On April 3, sixteen civil society organizations, including Georgian Democracy Initiative, Transparency International Georgia, Open Society Georgia Foundation and Institute for Development of Freedom of Information have slammed the process of appointment of a Constitutional Court justice amid the state of emergency as “unacceptable.”
CSOs say the top court failed to appoint a new judge within the timeframe envisaged by the law. The new justice should have been selected in November.
- GYLA Calls on Top Court to Suspend Selection of Constitutional Court Justice during State of Emergency
The Supreme Court’s Plenum, responsible for making an appointment, initially planned to hold a session on March 31. The move was then promptly condemned by the CSOs, finding it unacceptable to hold a session during pandemic emergency.
Georgia declared state of emergency amid COVID-19 pandemic on March 21 for a term of one month.

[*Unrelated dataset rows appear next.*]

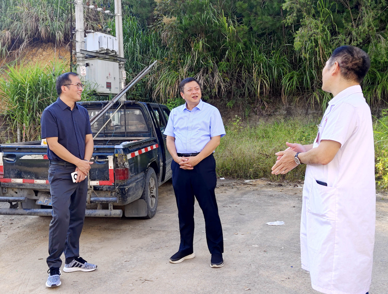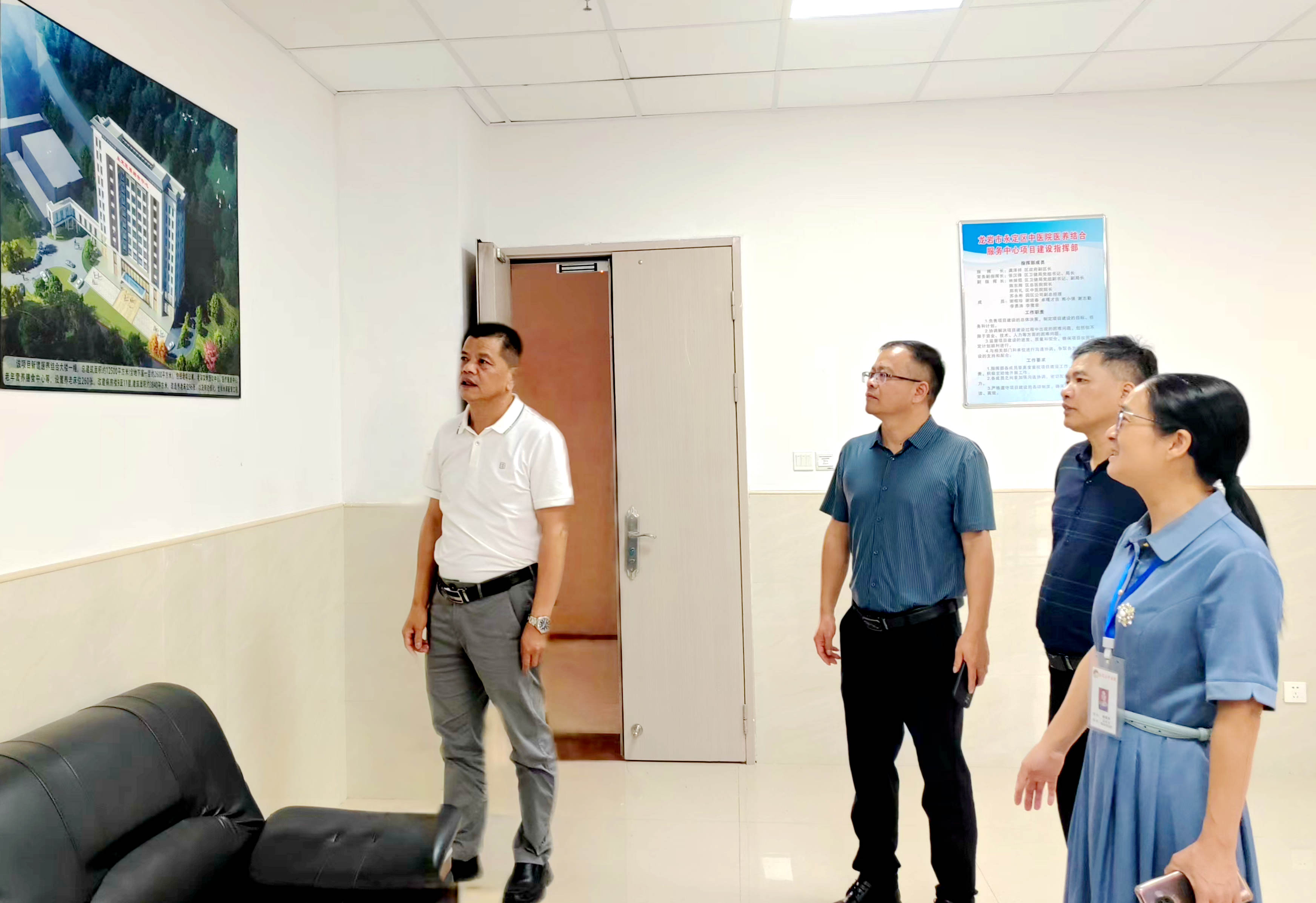 ▲ 10月14日,區(qū)委常委、區(qū)政府副區(qū)長(zhǎng)毛四勤帶隊(duì)到龍?zhí)舵?zhèn)衛(wèi)生院,實(shí)地察看省能化集團(tuán)掛鉤幫扶的龍?zhí)舵?zhèn)衛(wèi)生院綜合樓建設(shè)項(xiàng)目,詳細(xì)了解進(jìn)展情況,并現(xiàn)場(chǎng)協(xié)調(diào)解決存在的困難和問題。龍?zhí)舵?zhèn)黨委書記吳才開參加。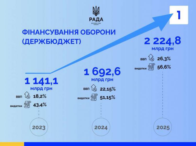З початку повномасштабного вторгнення фінансування обороноздатності України стало безумовним пріоритетом. У 2023 році на сектор безпеки й оборони було спрямовано 1 141,1 млрд грн, що становить 18,2% ВВП і 43,4% видатків бюджету, у 2024 році — 1 692,6 млрд грн (22,15% ВВП і 51,15% видатків бюджету), у 2025 році — 2 224,8 млрд грн (26,3% ВВП і 56,6% видатків). Це системне рішення концентрувати ресурси на головному завданні — захисті держави.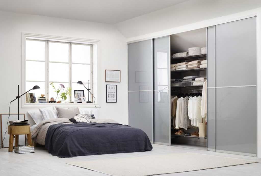 Для владельцев маленьких спален отличным решением будет организация гардеробной-купе с раздвижной дверью. Обычно перегородки монтируются с помощью металлопрофиля и гипсокартона, что позволяет сэкономить место. Внутри можно использовать готовые модульные системы хранения.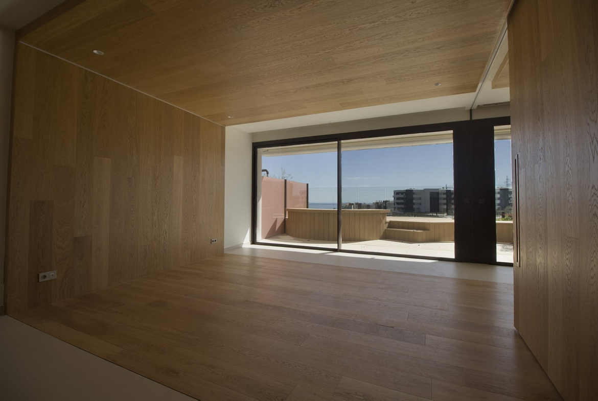 Inside, the apartment stands out for its contemporary loft-style design, emphasizing space, light, and flexibility. The open-plan kitchen is fully equipped with high-quality appliances and seamlessly connects to the living area, creating a bright and sociable atmosphere. The main bedroom features an open-plan bathroom with shower, while the toilet is separate for added comfort. A sliding wall allows the main bedroom to be opened up to the living room, offering a unique sense of space and adaptability. Large windows lead to an expansive 49 m² terrace with beautiful views over the valley and towards the sea, extending the living area outdoors and filling the interior with natural light. The terrace also features a private jacuzzi, creating an ideal space to relax while enjoying the views. The apartment also includes two parking spaces and a storage room, adding practicality to its modern design.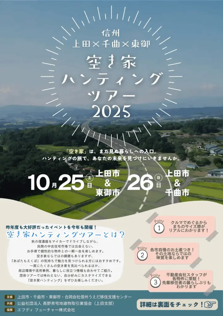 長野県東御市は、上田市・千曲市と合同で「空き家ハンティングツアー2025」を開催します。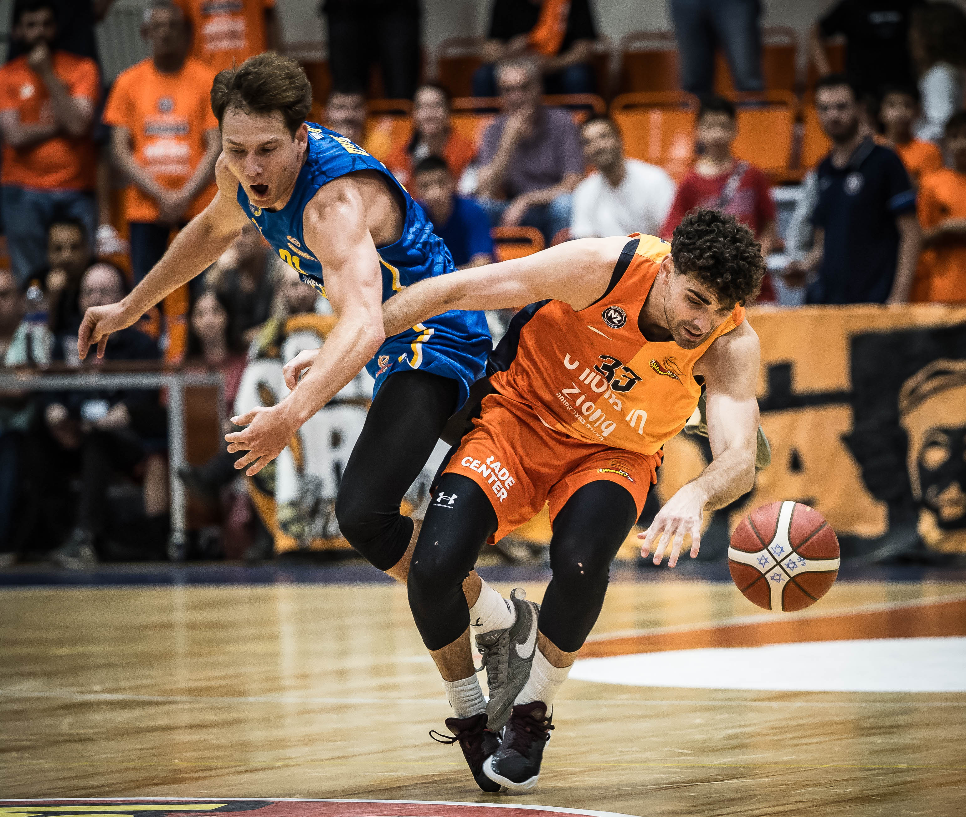 ואן־טוברגן במאבק על הכדור. מהבולטים בכתום עד להפסקה (צילום: עודד קרני)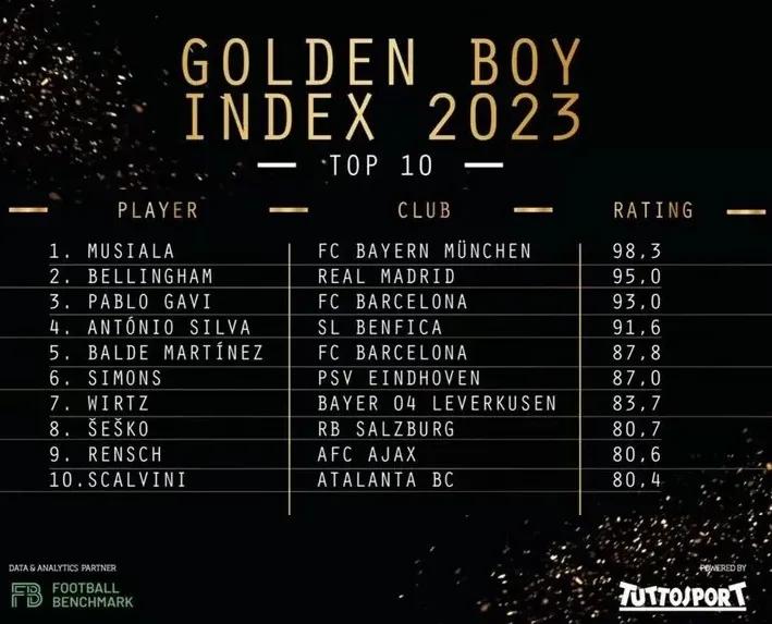 Bảng xếp hạng Golden Boy Index đưa ra thông số và xếp hạng 100 cầu thủ trẻ, chỉ những cầu thủ sinh từ ngày 1-1-2003 mới được xem xét. Điều này có nghĩa là không có ai đủ 21 tuổi trong năm 2023. Bảng xếp hạng năm nay dựa trên dữ liệu các trận đấu diễn ra từ khi bắt đầu World Cup 2022 ở Qatar đến ngày 4-6-2023.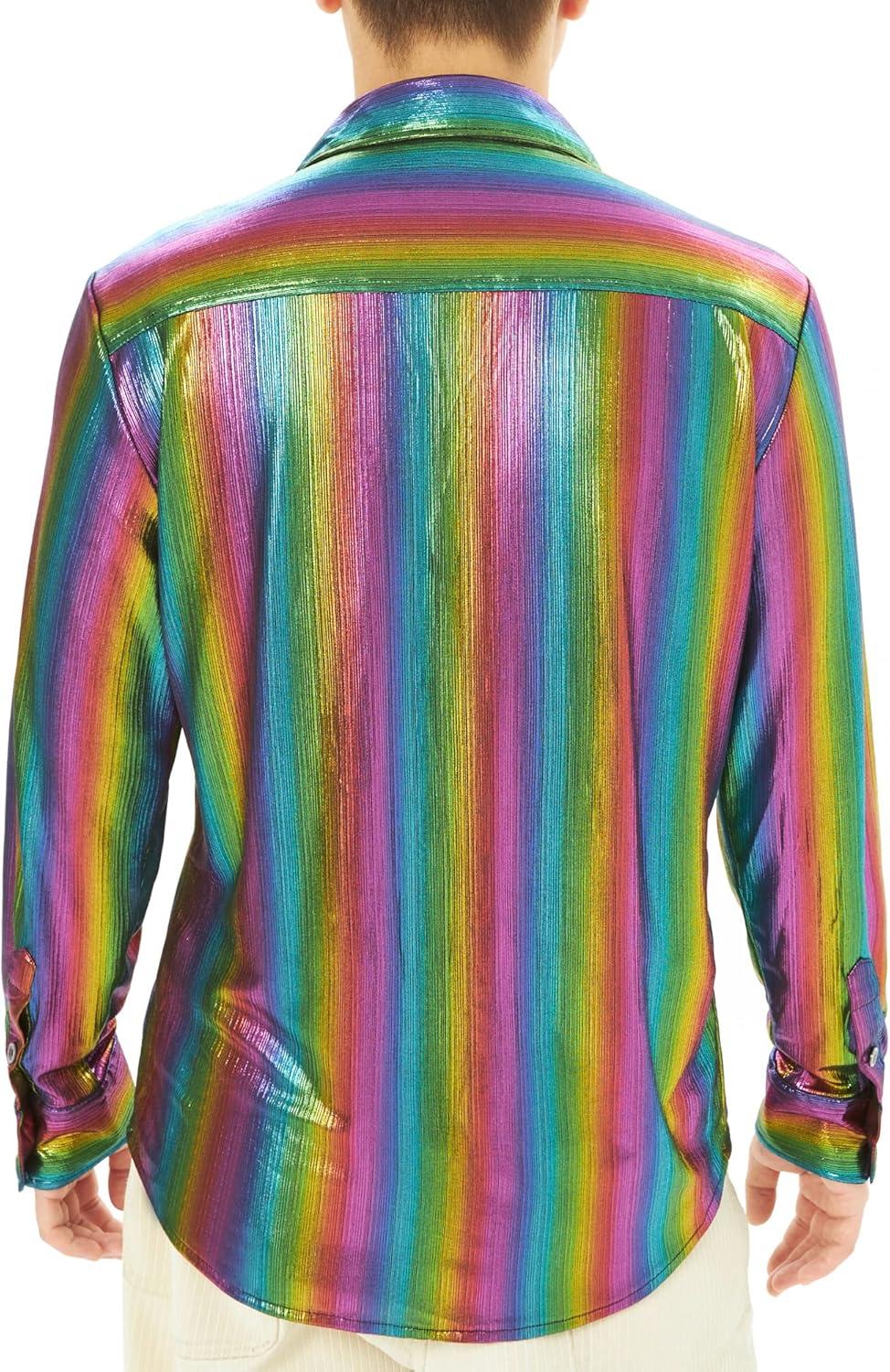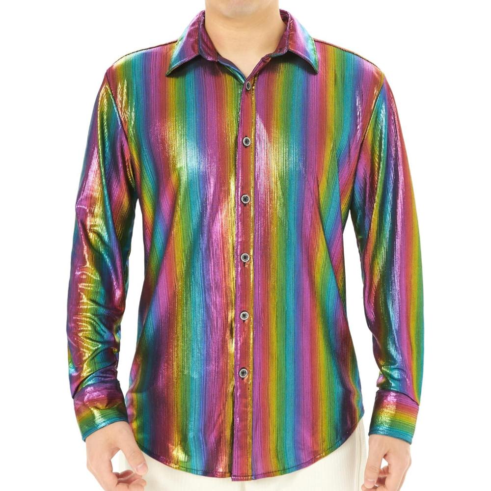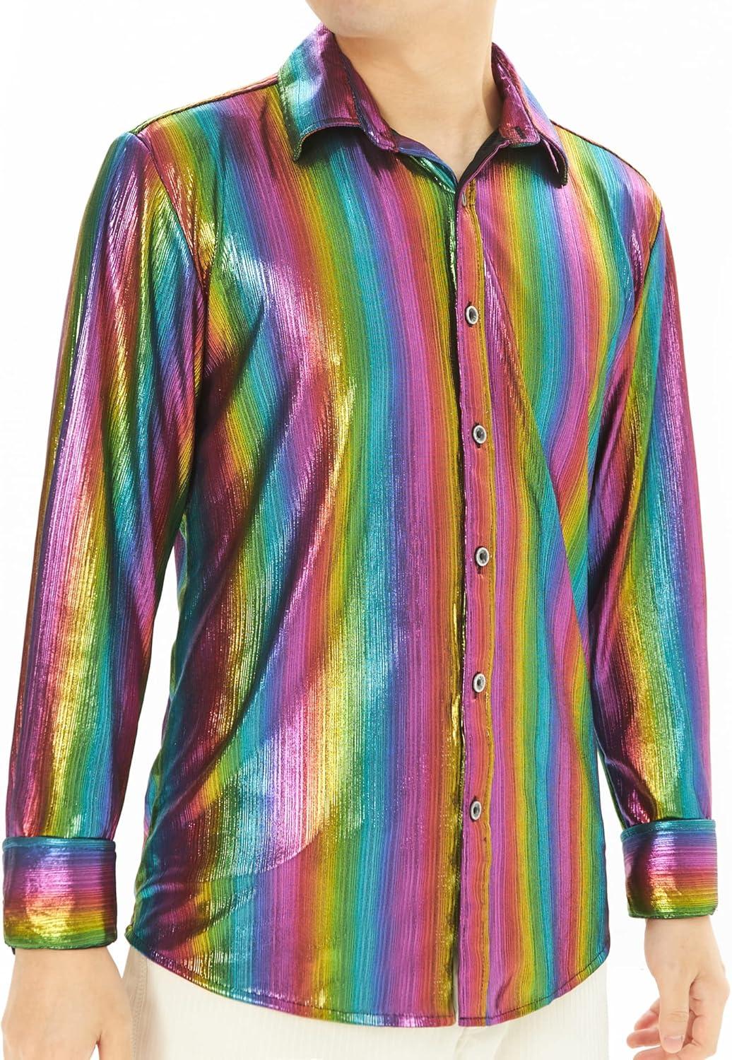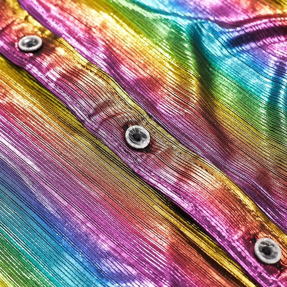 WULFUL Men Dress Shirt Sequins Long Sleeve Button Down Shirt Luxury Disco Party Nightclub Christmas Prom Costume(Multicolor01)
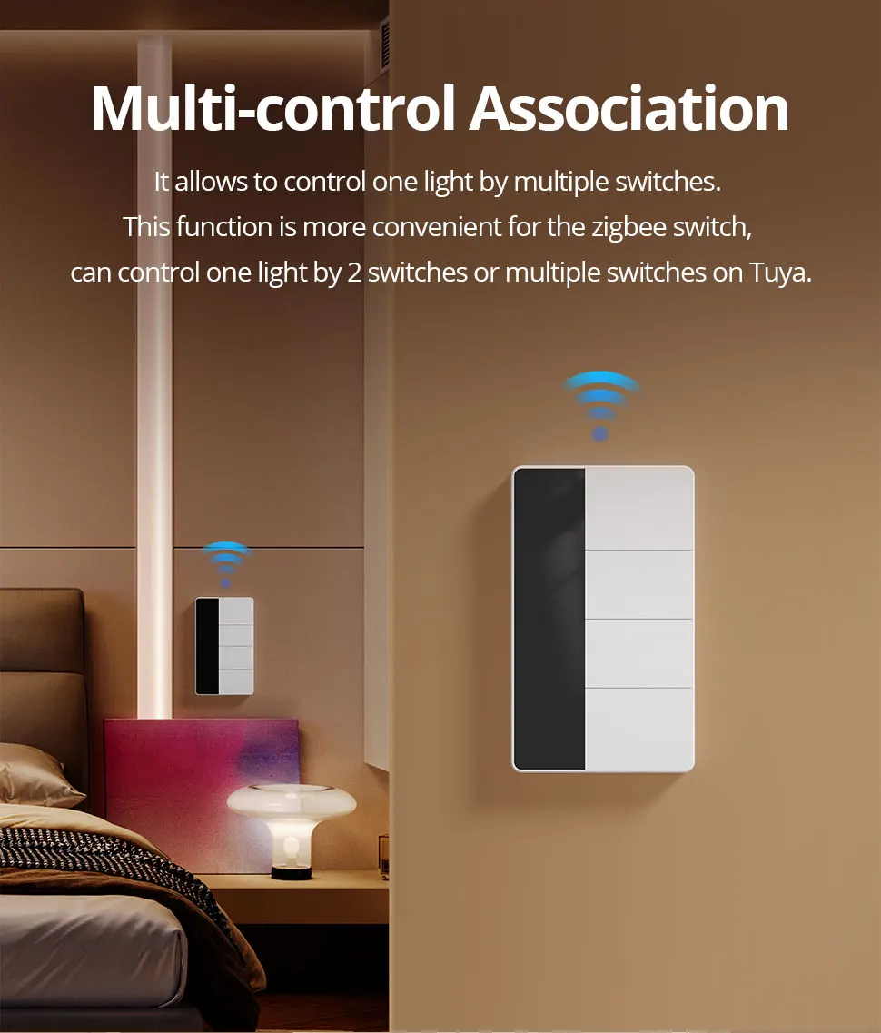 – Multi-control Association: it allows to control one light by multiple switches.This function is more convenient for the zigbee switch,can control one light by 2 switches or multiple switches on Tuya.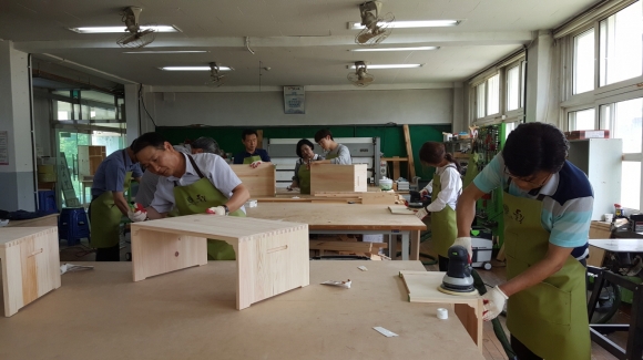 김천 관내 중학교 14교 교장 또는 교감선생님은 수업 참관 후 학교별 자유학기제 교육과정 운영 우수 사례를 소개하고 공유함으로써, 학교별 특화 발전 방안을 마련하는 기회가 되었다. 이어서 의성에 위치한 목공예체험장으로 이동하여 학교장 또는 교감선생님이 직접 공예품 만들기를 해봄으로서, 학습자가 능동적으로 참여하는 교육의 중요성을 재인식하고 교육 방법을 제고하는 연수가 진행되었다.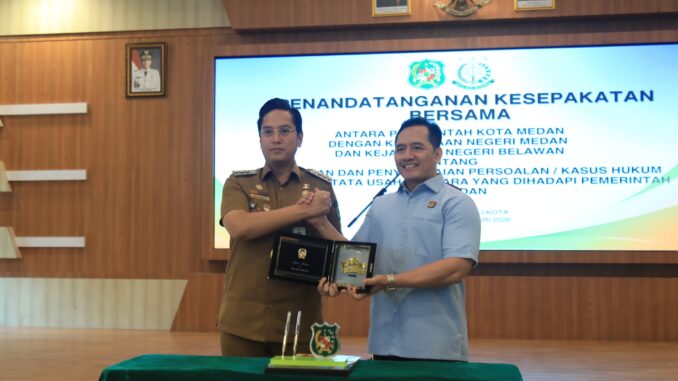 Kerja sama ini ditandai dengan penandatanganan Kesepakatan Bersama Antara Pemko Medan dengan Kejaksaan Negeri Medan dan Kejaksaan Negeri Belawan Tentang Penanganan dan Penyelesaian Persoalan/Kasus Hukum Perdata dan Tata Usaha Negara Yang Dihadapi Pemerintah Kota Medan, di Rumah Dinas Wali Kota Medan, Selasa (10/2/2026).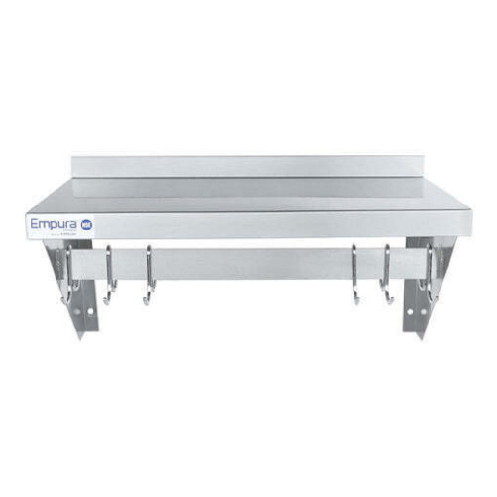 Empura Stainless E-WPS-1248 offers durable construction with stainless steel and galvanized hooks, supporting heavy-duty kitchen storage. Its practical design with a built-in shelf enhances workspace organization, while its corrosion-resistant materials reduce maintenance. Compared to similar models, it provides a larger hanging capacity and a more robust mounting structure, improving operational efficiency and ensuring long-term reliability in demanding culinary environments.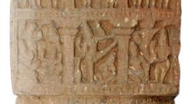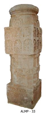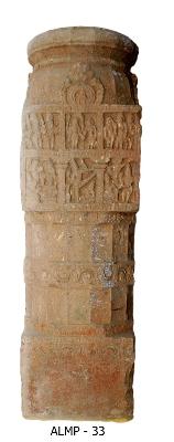 | Description / विवरण | Pillar having a square base and top intercepted by broad pattas. The top square is divided horizontally in two sections. Each section has three panels. They are depicted with scenes from dasavatara and bhagavata. In one of the central panels in the lower section shows Siva as Trivikramamurti. In the other central panel depicts Vishnu as Hiranyakasyapu. |

The Supreme Court then released a statement, noting that the session was postponed due to technical reasons. The Plenum was rescheduled for April 3.
CSOs suspect that by convening the Plenum session to solve the issue during the state of emergency, the Supreme Court aims at avoiding public oversight.
The signatory organizations called on the Supreme Court’s Plenum not to appoint the Constitutional Court justice before the end of the state of emergency.
The CSOs said that “while the Constitutional Court still maintains public trust and authority, the appointment of a judge in these circumstances and beyond the closed doors will have a negative impact on the reputation of the appointed judge and the entire Constitutional Court.”
According to the law, a new justice should be appointed no earlier than one month and no later than 10 days prior to the end of term of an incumbent justice. 2/3 of votes are needed to select a candidate.